Polygons are also stored in TSV format in an S3 directory.

Example:

POLYGON ((139.772662922 -7.33645210899988,139.772136831 -7.33645210899988,139.772136831 -7.33519300899997,139.772662922 -7.33645210899988))     plantations__wood_fiber Unknown Clearing/ Very Young Plantation 1       1       IDN     23      15      2

This particular polygon is an intersection of our plantations and wood fiber data. The first column is the geometry, then the name of the dataset, then some plantations specific info (Unknown species type, Clearing / young plantation size), then two placeholder fields (1, 1) for wood fiber info. After that we have the iso/adm1/adm2 column, and then a TSV count column (not actually used).

Current polygon data is stored here: s3://gfw2-data/alerts-tsv/country-pages/ten-by-ten-gadm36/

Configuring the application

By default, the application will look for an application.properties file to get it's input and output datasets. See our example application.properties for sample inputs and commentary about the various parameters.

Updating the code

General scala development is beyond the scope of this README, but provided you have scala, spark and maven installed, you should be able to run and test code locally. I wouldn't recommend this on a Windows machine, but should be pretty straightforward to install on linux or mac. My workflow usually has the following steps:

  1. Make changes to the code
  2. Test to see if things compile using mvn complile
  3. If they do, run mvn package - this will create the output target/ folder
  4. To test locally, update local.properties to point to TSVs on your machine, then run ./local.sh.
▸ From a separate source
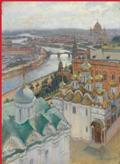
ニコライ・グリツェンコ《イワン大帝の鐘楼からのモスクワの眺望》 1896年 油彩・キャンヴァス
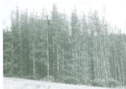
Smrkový porost napadený károvcem

Smrk má nezastupitelný význam v horských lesích ve smrkovém lesním vegetačním stupni, na horní hranici stromové vegetace, ale také jako hospodářská dřevina mimo chráněná území. Příměs smrku v listnatých porostech se vyskytuje již v nadmořských výškách kolem 900 m n. m. V Bílých Karpatech se v přirozené druhové skladbě vy-

To run on a hadoop cluster, copy this target folder to the master machine, then follow the starting a job steps below.

Custom GFW code

If you are modifying the code, odds are you want to add a new analysis.type, or change one of the existing ones. Most of this logic is contained in Summarize.scala, with additional utilities in HansenUtils.scala.

It may seem complicated, but it's pretty straightforward. Most of what we're doing is taking the output attribute table (points + polygon attributes), grouping by the data we want to keep (polyname, loss_year, boundary info, GADM data), summing the other stuff (area, emissions) and saving to CSV.

Starting a job

We don't start too many jobs manually (most repos that use this call spark-submit with a subprocess). If you do need to call it manually, this should get you started:

spark-submit --master yarn --executor-memory 20g --jars target/libs/jts-core-1.14.0.jar target/spark-pip-0.3.jar

This assumes that you've compiled the repo into a target folder as described above, and that you have a relatively beefy cluster that can handle 20 GB of memory per executor. For smaller clusters, we usually run 9g of memory.

Outputs

Outputs vary depending on the analysis.type specified (if any). If the analysis.type is loss, our output will look something like this:

polyname bound1 bound2 bound3 bound4 iso adm1 adm2 thresh loss_year area emissions
admin 1 1 1 1 BRA 12 9 0 16 5003144.59559 1875.79985949
ifl_2013__landmark 1 1 1 1 BRA 12 9 75 11 1028353.82939 24374.7669306
ifl_2013__landmark 1 1 1 1 BRA 12 9 30 3 761.110102908 3.88166152483

This output is grouped by polyname, our bound fields, iso/adm1/adm2, loss_year and threshold, summing area and emissions. This allows us to pull a relatively small file (< 1 GB) down for post-processing.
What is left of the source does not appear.